Stage classification of arthrosis

After the physical examination, an X-ray of the joint is usually taken, which shows one or more of the typical arthrotic changes in advanced arthrosis. These would be a narrowing of the joint space due to the worn cartilage and joint surfaces, debris cysts, osteophytes and sclerotherapy. These are compensation mechanisms with which the body tries to compensate for the degenerative processes.

Osteophytes (bony attachments to the joint) are intended to replace degenerated bone. Sclerosing is a sign of replacement material that is intended to protect the joint instead of the bone and to ensure movement. Sclerosing is a densification of the bone that occurs because the bone is subjected to too much mechanical stress.

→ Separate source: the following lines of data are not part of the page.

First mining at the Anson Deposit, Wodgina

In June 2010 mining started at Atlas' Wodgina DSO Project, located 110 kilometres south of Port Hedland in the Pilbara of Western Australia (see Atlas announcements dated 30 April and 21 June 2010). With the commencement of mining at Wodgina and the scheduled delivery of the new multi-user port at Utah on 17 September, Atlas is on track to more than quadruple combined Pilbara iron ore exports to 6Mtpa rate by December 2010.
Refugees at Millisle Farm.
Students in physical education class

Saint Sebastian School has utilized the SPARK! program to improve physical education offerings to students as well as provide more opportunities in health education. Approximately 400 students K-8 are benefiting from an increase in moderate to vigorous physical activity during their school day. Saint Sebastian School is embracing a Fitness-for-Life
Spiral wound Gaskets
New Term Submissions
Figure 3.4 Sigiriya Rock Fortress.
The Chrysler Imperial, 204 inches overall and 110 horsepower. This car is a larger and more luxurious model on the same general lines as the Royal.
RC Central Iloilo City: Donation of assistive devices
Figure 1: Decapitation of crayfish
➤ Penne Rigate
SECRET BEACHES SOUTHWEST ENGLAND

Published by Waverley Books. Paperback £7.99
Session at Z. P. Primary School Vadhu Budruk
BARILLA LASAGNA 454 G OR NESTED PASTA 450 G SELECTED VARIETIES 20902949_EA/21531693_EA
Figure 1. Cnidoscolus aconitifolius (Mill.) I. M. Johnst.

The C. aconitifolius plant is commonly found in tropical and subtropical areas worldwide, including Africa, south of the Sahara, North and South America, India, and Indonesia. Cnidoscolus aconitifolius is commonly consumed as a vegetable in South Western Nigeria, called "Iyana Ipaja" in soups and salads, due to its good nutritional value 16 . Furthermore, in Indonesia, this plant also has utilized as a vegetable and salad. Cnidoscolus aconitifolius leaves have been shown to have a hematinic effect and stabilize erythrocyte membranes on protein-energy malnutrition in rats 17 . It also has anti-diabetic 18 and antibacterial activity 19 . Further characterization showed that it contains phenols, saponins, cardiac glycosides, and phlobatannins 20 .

If one or more of these signs are found in the X-ray image, the diagnosis of osteoarthritis can be made. The arthrosis can be divided into different stages on the basis of these characteristics. For example, stage 1 is a clinically irrelevant arthrosis, which is only noticeable as such in the X-ray image and is more of a chance finding.

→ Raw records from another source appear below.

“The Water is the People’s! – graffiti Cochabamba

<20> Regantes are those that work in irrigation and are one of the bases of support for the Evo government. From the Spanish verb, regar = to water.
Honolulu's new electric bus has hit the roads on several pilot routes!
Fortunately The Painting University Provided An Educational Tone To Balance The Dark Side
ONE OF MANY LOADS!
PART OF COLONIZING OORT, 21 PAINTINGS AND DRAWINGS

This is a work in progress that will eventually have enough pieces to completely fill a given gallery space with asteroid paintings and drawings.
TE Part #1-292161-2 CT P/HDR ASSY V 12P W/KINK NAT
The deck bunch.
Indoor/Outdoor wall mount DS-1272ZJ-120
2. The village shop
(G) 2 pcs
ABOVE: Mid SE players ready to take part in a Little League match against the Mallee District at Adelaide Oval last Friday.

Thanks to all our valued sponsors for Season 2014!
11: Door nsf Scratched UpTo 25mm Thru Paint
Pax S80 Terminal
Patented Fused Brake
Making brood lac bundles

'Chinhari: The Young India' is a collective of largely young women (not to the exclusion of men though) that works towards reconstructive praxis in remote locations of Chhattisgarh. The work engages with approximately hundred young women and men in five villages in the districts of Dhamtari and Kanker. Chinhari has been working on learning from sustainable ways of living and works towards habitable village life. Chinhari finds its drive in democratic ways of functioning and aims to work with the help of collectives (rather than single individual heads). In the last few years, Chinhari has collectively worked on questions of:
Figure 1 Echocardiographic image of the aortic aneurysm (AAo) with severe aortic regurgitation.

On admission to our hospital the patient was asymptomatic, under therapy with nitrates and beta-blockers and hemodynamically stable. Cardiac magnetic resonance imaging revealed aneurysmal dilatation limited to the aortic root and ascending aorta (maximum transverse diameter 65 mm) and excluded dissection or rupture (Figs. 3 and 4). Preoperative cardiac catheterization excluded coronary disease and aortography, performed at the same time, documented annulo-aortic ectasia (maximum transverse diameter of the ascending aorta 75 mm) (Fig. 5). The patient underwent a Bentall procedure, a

Stage 2 in most cases leads to a visit to the doctor by the patient, as he/she feels pain especially when moving. The joints are not overheated, it is not an inflammatory process. In stage 3, the joint surfaces and cartilage are already so severely degenerated that permanent pain occurs, which can also occur if no movement is performed.

Arthrosis pain

The arthrosis pain is of typical character. So it is described. – a run-up pain in the morning

  • A movement pain in the corresponding joints
  • And a stress pain with frequently repeated movements

The main risk factors for arthrosis include

  • Genetic factors (being a family history of osteoarthritis)
  • The body weight Patients with overweight have a much higher risk of developing osteoarthritis, especially of the knees or hip joints, than light people.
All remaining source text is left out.